1.4. Design, Research Questions, and Hypotheses

All participants were in fourth or fifth grade when they underwent the training on proportional reasoning, applied in their classroom by an external teacher. At this age, the development of proportional reasoning abilities is steadily increasing, but it is a component of the school curriculum only at the end of elementary school. To further specify and confine the potential impact of prior knowledge, two parallel training schemes on proportional reasoning were developed; in one, speed was used as the context, and, in the other, density was used. Classes were randomly assigned to one of these conditions.

Some of the students had participated in the Swiss MINT Study at an earlier time during elementary school and had undergone a basic curriculum unit on floating and sinking of objects in water and, thereby, had acquired prior knowledge on the concept of density. The described variations allowed the application of a 2 × 2 design with the factors basic curriculum unit on floating and sinking (F&S vs. noF&S) and intervention context (density vs. speed), resulting in four groups:

• F&S/density: Participants had learned about density in the basic curriculum unit on floating and sinking earlier in elementary school, and proportional reasoning was introduced by using the context of density;
• F&S/speed: Participants had learned about density in the basic curriculum unit on floating and sinking earlier in elementary school, and proportional reasoning was introduced by using the context of speed;
• noF&S/density: Participants had not undergone a basic curriculum unit in elementary school, and proportional reasoning was introduced by using the context of density;
• noF&S/speed: Participants had not undergone a basic curriculum unit in elementary school, and proportional reasoning was introduced by using the context of speed.

In the test of proportional reasoning applied at the end of the training on this topic, we expected that the F&S/density group would outperform all other groups. Learners of this group were most likely to make use of their prior knowledge on density and, thereby, advance their conceptual understanding when receiving training. On the other hand, it was unlikely that students who had not had the opportunity to learn about density beforehand would benefit from learning proportions from the example of this concept. Students who learned about proportionality in the context of speed but could only build on informal knowledge acquired through everyday experience would be less well prepared to transfer knowledge to the concept of proportionality.

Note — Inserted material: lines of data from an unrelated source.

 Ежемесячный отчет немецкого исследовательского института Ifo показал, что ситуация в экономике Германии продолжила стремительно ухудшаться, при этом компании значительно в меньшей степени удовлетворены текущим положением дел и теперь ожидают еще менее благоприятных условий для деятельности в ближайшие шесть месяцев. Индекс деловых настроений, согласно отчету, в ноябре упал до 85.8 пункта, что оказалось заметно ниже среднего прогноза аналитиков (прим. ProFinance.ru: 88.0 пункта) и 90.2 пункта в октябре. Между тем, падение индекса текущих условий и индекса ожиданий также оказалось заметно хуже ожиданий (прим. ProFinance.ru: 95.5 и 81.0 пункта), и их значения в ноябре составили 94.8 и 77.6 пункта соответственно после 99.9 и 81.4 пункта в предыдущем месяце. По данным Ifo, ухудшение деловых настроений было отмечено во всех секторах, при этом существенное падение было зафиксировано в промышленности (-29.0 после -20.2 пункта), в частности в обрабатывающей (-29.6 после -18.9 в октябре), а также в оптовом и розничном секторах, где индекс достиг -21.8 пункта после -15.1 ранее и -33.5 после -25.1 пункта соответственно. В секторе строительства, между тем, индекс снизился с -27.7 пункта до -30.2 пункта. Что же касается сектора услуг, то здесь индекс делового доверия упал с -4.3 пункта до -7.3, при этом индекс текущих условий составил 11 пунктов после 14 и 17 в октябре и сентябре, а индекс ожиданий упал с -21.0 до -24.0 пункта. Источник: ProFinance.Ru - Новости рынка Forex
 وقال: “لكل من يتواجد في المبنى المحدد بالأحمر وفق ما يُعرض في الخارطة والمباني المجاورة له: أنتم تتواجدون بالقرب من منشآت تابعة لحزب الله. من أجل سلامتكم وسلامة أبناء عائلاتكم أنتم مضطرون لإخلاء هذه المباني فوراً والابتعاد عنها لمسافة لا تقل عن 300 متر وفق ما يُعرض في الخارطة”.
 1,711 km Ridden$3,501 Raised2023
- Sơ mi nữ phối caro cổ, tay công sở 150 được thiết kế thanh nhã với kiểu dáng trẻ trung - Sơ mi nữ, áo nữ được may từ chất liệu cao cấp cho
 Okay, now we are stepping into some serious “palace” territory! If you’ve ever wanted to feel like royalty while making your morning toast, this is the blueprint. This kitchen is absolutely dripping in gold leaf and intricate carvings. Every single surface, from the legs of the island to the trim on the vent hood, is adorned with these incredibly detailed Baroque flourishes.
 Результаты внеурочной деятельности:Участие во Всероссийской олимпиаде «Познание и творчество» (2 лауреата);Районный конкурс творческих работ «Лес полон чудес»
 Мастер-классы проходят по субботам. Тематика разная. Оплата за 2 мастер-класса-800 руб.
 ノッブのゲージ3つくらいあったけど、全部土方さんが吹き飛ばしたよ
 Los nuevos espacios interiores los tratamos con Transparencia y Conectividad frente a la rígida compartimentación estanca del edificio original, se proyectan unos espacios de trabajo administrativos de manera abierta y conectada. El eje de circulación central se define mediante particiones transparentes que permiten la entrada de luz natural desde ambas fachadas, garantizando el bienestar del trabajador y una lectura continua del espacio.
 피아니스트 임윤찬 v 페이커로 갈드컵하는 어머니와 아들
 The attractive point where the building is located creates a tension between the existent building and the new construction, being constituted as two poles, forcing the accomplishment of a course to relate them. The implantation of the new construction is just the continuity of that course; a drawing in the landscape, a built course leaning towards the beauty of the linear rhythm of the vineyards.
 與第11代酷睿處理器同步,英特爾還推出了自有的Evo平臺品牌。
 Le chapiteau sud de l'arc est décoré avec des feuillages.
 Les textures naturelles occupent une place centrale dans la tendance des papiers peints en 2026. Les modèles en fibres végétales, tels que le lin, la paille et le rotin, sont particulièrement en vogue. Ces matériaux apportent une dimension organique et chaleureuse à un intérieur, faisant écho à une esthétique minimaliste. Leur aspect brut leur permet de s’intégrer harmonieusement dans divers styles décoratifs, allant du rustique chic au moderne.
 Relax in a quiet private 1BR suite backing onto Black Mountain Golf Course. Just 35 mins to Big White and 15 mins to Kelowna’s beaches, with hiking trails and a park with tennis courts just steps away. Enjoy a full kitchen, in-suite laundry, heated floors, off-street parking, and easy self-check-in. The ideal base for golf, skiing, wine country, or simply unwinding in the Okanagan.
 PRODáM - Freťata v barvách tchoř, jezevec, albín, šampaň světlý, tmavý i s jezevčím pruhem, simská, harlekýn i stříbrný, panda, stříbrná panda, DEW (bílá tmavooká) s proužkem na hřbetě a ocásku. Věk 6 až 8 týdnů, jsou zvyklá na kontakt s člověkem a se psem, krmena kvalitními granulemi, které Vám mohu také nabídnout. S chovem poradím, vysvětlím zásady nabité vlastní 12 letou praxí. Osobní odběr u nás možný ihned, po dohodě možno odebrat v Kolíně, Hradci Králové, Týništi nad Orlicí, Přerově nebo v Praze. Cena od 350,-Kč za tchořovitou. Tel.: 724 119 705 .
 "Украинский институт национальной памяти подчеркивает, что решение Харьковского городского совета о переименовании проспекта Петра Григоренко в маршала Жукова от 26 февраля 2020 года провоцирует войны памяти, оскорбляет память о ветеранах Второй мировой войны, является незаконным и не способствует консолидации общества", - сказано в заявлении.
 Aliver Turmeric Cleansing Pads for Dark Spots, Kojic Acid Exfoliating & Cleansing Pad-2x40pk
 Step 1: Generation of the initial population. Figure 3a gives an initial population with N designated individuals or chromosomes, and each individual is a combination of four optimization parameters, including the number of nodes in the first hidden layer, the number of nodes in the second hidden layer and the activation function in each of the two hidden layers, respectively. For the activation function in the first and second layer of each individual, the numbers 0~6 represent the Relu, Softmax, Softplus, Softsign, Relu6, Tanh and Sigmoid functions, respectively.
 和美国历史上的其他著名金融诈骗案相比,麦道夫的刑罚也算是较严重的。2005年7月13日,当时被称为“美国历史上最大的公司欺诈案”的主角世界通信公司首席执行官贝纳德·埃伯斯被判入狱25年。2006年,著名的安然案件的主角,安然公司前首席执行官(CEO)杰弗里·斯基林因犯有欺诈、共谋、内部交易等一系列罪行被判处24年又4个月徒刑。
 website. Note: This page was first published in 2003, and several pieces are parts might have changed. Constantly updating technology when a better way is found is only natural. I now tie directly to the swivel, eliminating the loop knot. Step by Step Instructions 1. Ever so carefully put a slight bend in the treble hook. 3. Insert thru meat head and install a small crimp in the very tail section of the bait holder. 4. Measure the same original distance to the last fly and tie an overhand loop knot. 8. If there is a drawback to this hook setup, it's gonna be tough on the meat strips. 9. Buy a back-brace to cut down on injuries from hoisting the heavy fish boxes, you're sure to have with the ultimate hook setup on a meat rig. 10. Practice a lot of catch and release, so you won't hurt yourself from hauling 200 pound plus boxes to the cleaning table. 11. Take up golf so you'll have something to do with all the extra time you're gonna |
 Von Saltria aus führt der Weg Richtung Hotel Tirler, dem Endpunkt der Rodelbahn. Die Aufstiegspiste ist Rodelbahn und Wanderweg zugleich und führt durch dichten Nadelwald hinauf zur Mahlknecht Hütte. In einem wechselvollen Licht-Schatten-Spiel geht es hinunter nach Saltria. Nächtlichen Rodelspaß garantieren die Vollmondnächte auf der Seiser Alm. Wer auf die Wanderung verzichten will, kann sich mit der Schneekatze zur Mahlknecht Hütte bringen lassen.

In addition to the mentioned between-group difference in the mean scores of proportional reasoning, we planned analyses on the impact of prior knowledge and intelligence on gaining from the training on proportional reasoning. By applying a measure of general intelligence, on the one hand, we expected to confirm the strong relationship between intelligence and achievement in proportional reasoning. On the other hand, depending on prior knowledge, intelligence may reveal its potential to different degrees in the training based on the example of density or speed. To allow detailed analyses, the impact of prior knowledge was investigated at two different levels. First, our design allowed the experimental control of conceptual knowledge about density, as only half of the students underwent the basic curriculum unit on floating and sinking. By presenting a test on conceptual understanding of density, we wanted to find out whether this group was superior to the group of students who did not undergo the unit. We describe below that access to the physics unit can be considered a random assignment. Second, we included a broad test battery of mathematical knowledge, as multiplication, division, and mathematical modeling are a precondition for proportional reasoning. Individual differences in mathematical knowledge were expected to have a strong impact on the extent to which students gained from the training on proportional reasoning. We conducted two consecutive studies that we report next.

2. Study 1

2.1. Participants

Participants were recruited on the basis of school class via the Swiss MINT Study, a large, longitudinal study with more than 15,000 participants who underwent early physics education in elementary school. Six classes had completed the aforementioned basic curriculum unit on floating and sinking prior in earlier school years, while six classes were part of the waiting group and had not yet started the teaching unit. In Switzerland, students are assigned to schools according to their place of residence, so it is not the students or their parents who choose a particular school. It is likely that teachers taking part in the current study were interested in improving physics education at school. This means that students from the waiting group (noF&S) were also taught by teachers who were interested in improving early physics education. We minimized the differences between the student samples by parallelizing the recruitment areas of classes at the “waiting group” stage and the “applying the teaching unit” stage (rural, agglomeration, city, and average socioeconomic status of the school district). We randomized the intervention context between classes with comparable recruitment areas, thus, ensuring that effects of schools/cities were equally distributed across both intervention conditions.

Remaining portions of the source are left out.